The comments came days before Israeli President Isaac Herzog is set to deliver an address to both Houses of Congress “on the 75th anniversary of the creation of Israel,” McCarthy noted Monday.
He emphasized that Jayapal, who chairs the Congressional Progressive Caucus, “is not just elected as a Democrat in their conference, she is a leader in their caucuses and she’s making these comments.”
McCarthy pointed to several other members on the progressive side of the aisle he says have also engaged in anti-Israel comments or actions, including, Reps. Ilhan Omar (D-MN), Rashida Tlaib (D-MN), and Betty McCollum (D-MN). In 2021, Omar likened Israel and the United States to the Taliban and Hamas.
Tlaib, too, made inflammatory comments about Israel in 2021, as Breitbart News senior editor Joel Pollak noted at the time.
“Tlaib also made the awkward remark that ‘[t]here’s always kind of a calming feeling I tell folks when I think of the Holocaust,’ meaning that she felt reassured about the ‘fact’ [sic] that Palestinians had helped Jews (they did not),” Pollak wrote.
The speaker also pointed to a resolution that McCollum once put forth, which he says was “to condemn Israel and support Palestinian terrorist organization.”
“These are just multiple Democrats on multiple times consistently saying anti-Semitic remarks and it has got to stop,” he said.
The top two House Democrats, Jeffries and Minority Whip Katherine Clark (D-MA), along with Reps. Pete Aguilar (D-CA) and Ted Lieu (D-CA) said Sunday in a joint statement that “Israel is not a racist state.” Jayapal was not mentioned in their release.
Reps. Alexandria Ocasio-Cortez (D-NY) and Omar have refused to attend Herzog’s address this week, as the Hill noted. Rep. Jamal Bowman (D-NY) has also said he “probably” would not attend the joint address.
On Friday morning, Jeffries told media members at a press conference, “I look forward to welcoming [Herzog] with open arms when he comes to speak before Congress next Wednesday.”
Jeffries, earlier this year, had to answer for defending his antisemitic uncle, Leonard Jeffries, several decades ago following a CNN report in mid-April.
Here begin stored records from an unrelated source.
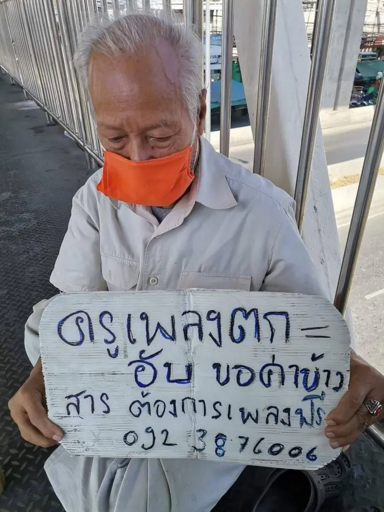 วันนี้เดินข้ามสะพานลอยตรงหน้าวัดดอนเมือง เจอคุณลุงท่านนี้นั่งอยู่เราก็เลยให้เงินช่วยแกไปเล็กน้อย พอดีเรามีกล้วยน้ำว้าติดอยู่ในกระเป๋าเลยถามลุงว่ากินข้าวรึยังหนูมีกล้วยอยู่เอามั้ยค่ะแกก็บอกว่าเอา เราเลยให้แกเก็บไว้กินหมดเลย แกบอกกับเราว่า แกเป็นครูเพลงทำเพลงขายแล้วขายไม่ได้เลยตกอับ ถ้ามีงานให้ร้องเพลงโทรหาแกเบอร์นี้ได้เลยนะ เราเลยขอถ่ายรูปไว้ เรารีบไปทำงานเลยไม่ได้ถามแกว่าชื่ออะไร เรามีเงินติดตัวอยู่นิดหน่อยและมีกล้วยอยู่3ลูกเลยให้แกเก็บไว้กินเวลาหิว เราเลยช่วยแกเท่าที่ช่วยได้ ปกติเราเดินทางเส้นนี้เป็นประจำพึ่งเคยเจอแกครั้งแรกเหมือนกันค่ะ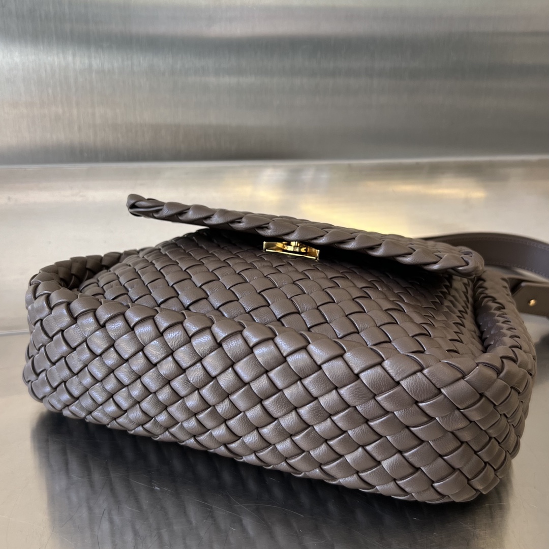 부드러운 양가죽과 보테가의 상징적인 인트레치아토(직조) 가죽으로 제작된 코블 숄더백입니다.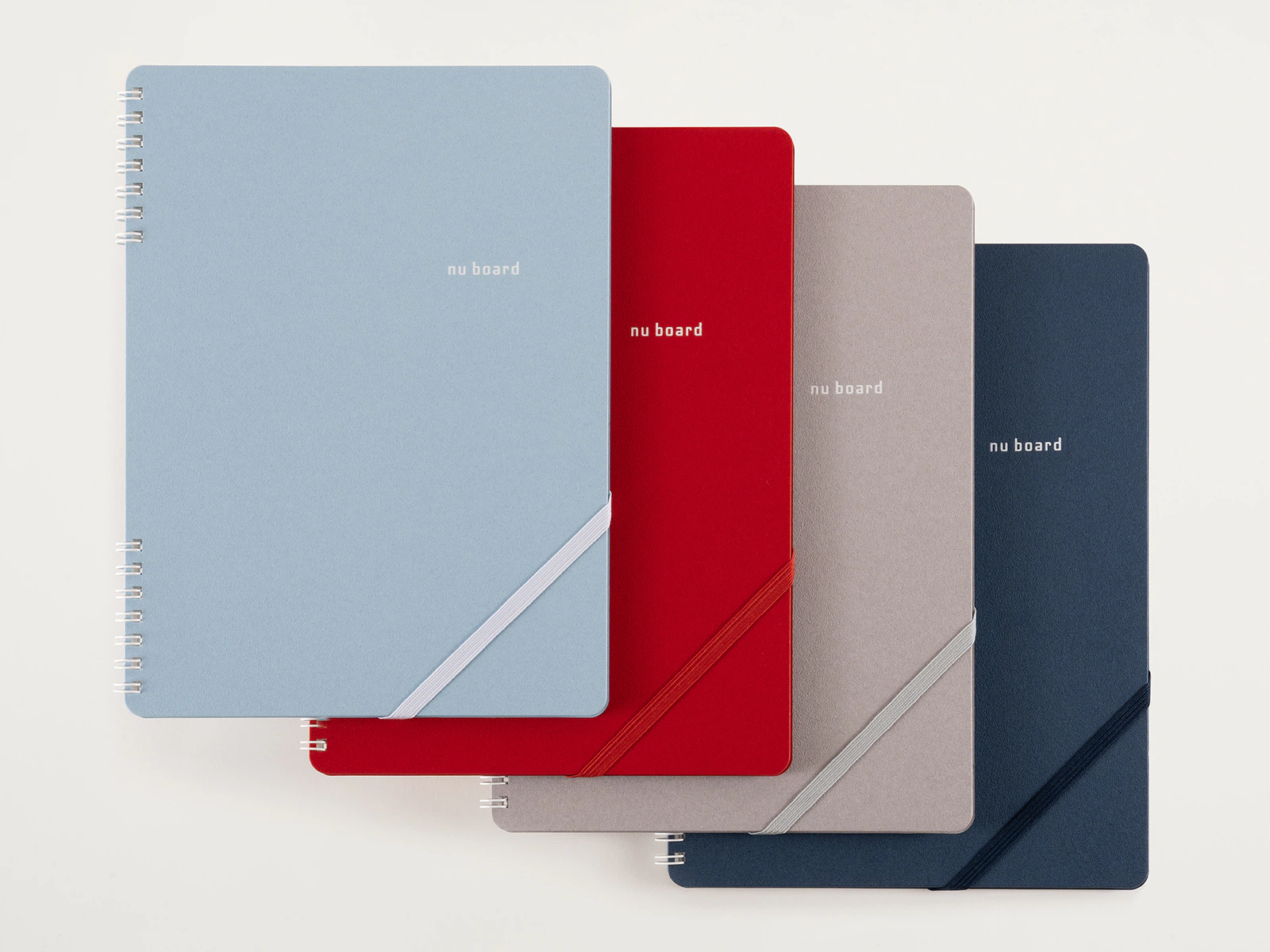 「A4復刻版」は発売当初のクラフト感のある表紙を継承しつつ、新しさと面白い手触りを表現したかったので「D'CRAFT ドット」を使用しました。「Square」は雑貨的なイメージのnu boardにしたかったので、キュートな色が選べてさらに手触りがサラッとしていて気持ちのよい「ミニッツGA」を使用しました。「B5判」は学生さんなどの若い人にももっとnu boardを使ってもらいたいという想いから、欧米の高校生や大学生が持っているようなイメージで、持っているだけでオシャレ(笑)に見えるようにしたかったので、発色のよいレッドやネイビー、スモーキーなグレーやスカイブルーが選べる「サガンGA」を使用しました。質感が少しレザーっぽい感じもあるので、大人が持っても品良く見えると思います。

CNN’s Andrew Kaczynski and Em Steck’s noted:
While Jeffries was a college student at Binghamton University in upstate New York, the Black Student Union, in which Jeffries was an executive board member, invited his uncle to speak on campus after [Leonard’s] inflammatory comments caused an uproar.
Leonard Jeffries faced widespread backlash in the early 1990s after comments he made about the involvement of “rich Jews” in the African slave trade and “a conspiracy, planned and plotted and programmed out of Hollywood” of Jewish executives who he said were responsible for denigrating Black Americans in films.
Jeffries also authored a 1992 editorial article, unearthed by CNN, asserting under the subheading “White Media” that his uncle was the target of “character assassination.” He also referenced Nation of Islam Leader Louis Farrakhan under the subheading.
Moreover, the decades-old editorial took aim at black conservatives as Jeffries opined the demographic “threatens to sustain the oppression of the black masses.” He then drew a parallel between black conservatives and “house” slaves.
“Leader Jeffries has consistently been clear that he does not share the controversial views espoused by his uncle over thirty years ago,” spokeswoman Christina Stephenson said in a statement to CNN at the time.
Just over a week after CNN’s report, Jeffries’s office issued a press release stating he was leading a Democrat delegation of 12 to both Ghana and then Israel, where they met with Herzog.